The genus Synanceia contains five species of stonefish; although some references seem to suggest that there could be as many as thirty – this is probably due to the fact that the genus (Synanceia), subfamily (Synanceiinae) and family (Synanceiidae) names all sound pretty much identical. Besides, as we will discover later, five species of stonefish are five too many, unless of course you are some sort of unbalanced sociopath seeking fish-based revenge, which the blog stats imply you probably are.  They are found throughout shallow tropical seas, from the Red Sea to Singapore to Australia; the latter should come as zilch surprise to anyone who actually knows Australia. Furthermore, one of the species we are talking about has the name S. horrida. I’m going to take a massive guess here that this name is not a reference to the pleasant, safe and tasty nature of this fish. The species most widely discussed, however, is S. verrucosa, which sounds like an unpleasant skin condition. Which, ironically, is what these animals look like.

They say you should never judge a book by its cover, but in the case of Stonefish you might as well go ahead, as their horrific outer appearances merely a pale reflection of just how awful these animals are. Seriously, if they weren’t so necessary for my unnecessarily convoluted vengeance stratagem, I would not touch these things with a barge pole. (In fact, I am actually not touching them at all; as we will see later such a move would be incredibly stupid and leading to my revenge ironically backfiring on me). In fairness, though, you probably wouldn’t look much better if you adopted the lifestyle of the stonefish, which basically involves lying in mud, and occasionally opening your massive mouth wide open, which causes a current to sweep smaller fish right into you.

“Hi! I’m Sally the Stonefish! Incredibly, I am even worse than I look!” (Pic. Credit

You can kind of see the problem, can’t you…a fish, brilliantly camouflaged, that lurks just offshore (or occasion, on the shore – the things have been known to survive being outside of water for more than twenty hours) and, and I should probably stress this point, is incredibly dangerous. Because what the stonefish has are little dorsal spines on its back, that act as a defence against predators.  And what these little dorsal spines do is inject a little bit of poison, which is said to cause the worst pain in the entire world. (How do they figure that out, anyway? Is there an incredibly luckless intern who travels the world getting attacked by various animals?).

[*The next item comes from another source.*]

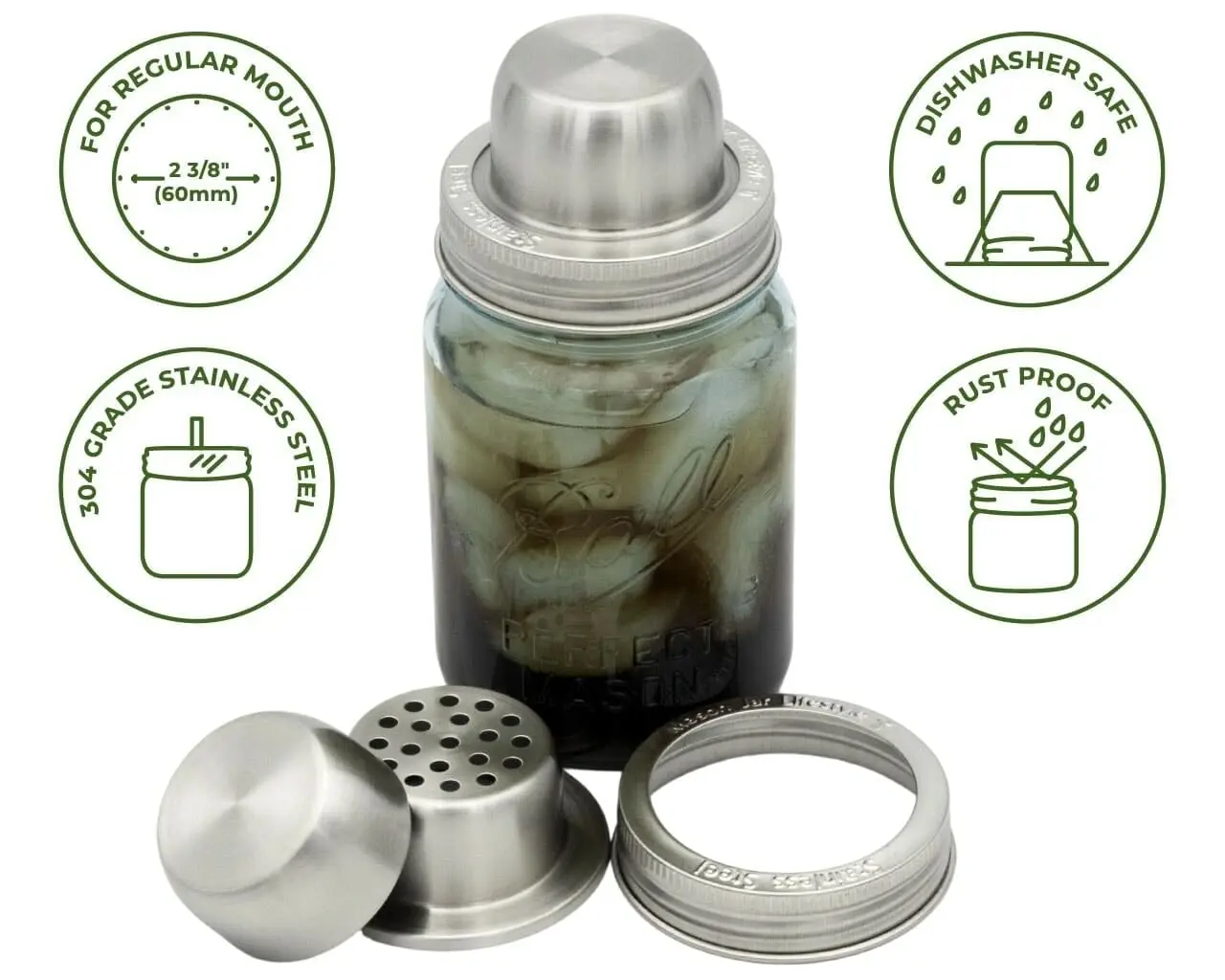 Space-Saving Solution: No need for bulky cocktail shakers. This lid works with jars you already have, making it perfect for small kitchens or bar carts.

This venom contains a whole host of ingredients (Garnier et al 1994) which altogether induce intense, agonising pain, vomiting, nausea, swelling of the affected area and a fall in arterial blood pressure, which in turn can lead to heart failure in some cases (Garnier et al 1996, ). People who have experienced this sting have compared it too, amongst other things,  having sledgehammer hammered down repeatedly on the affected area ( . Others have talked of an intense burning sensation, sometimes so bad that they lose consciousness, or beg to have the limb amputated. The pain can last for weeks after the sting, and sometimes affects the rest of the body as well – not just the stung bit. Finally, even a traditional treatment – immersing the affected area in hot water, which helps to break down the venom – has its risks, as it can promote the growth of infectious bacteria ( .  Also, wearing shoes may not help you, as there are reports of the spines piercing the souls and still envenomating the foot. Interestingly, some have claimed that their arthritis got better after a stonefish sting; this is almost certainly because after that you’d have to have your arm sawed off by a rusty hacksaw before you even complained about pain again. However, despite all this, deaths from the stonefish are actually rather rare, which makes it even more suitable as a revenge weapon.

After all, you want people to know you went to all that trouble of locating, buying, keeping and feeding a stonefish, then transporting it to right outside their front door, all because they brought the last Mars bar in the shop.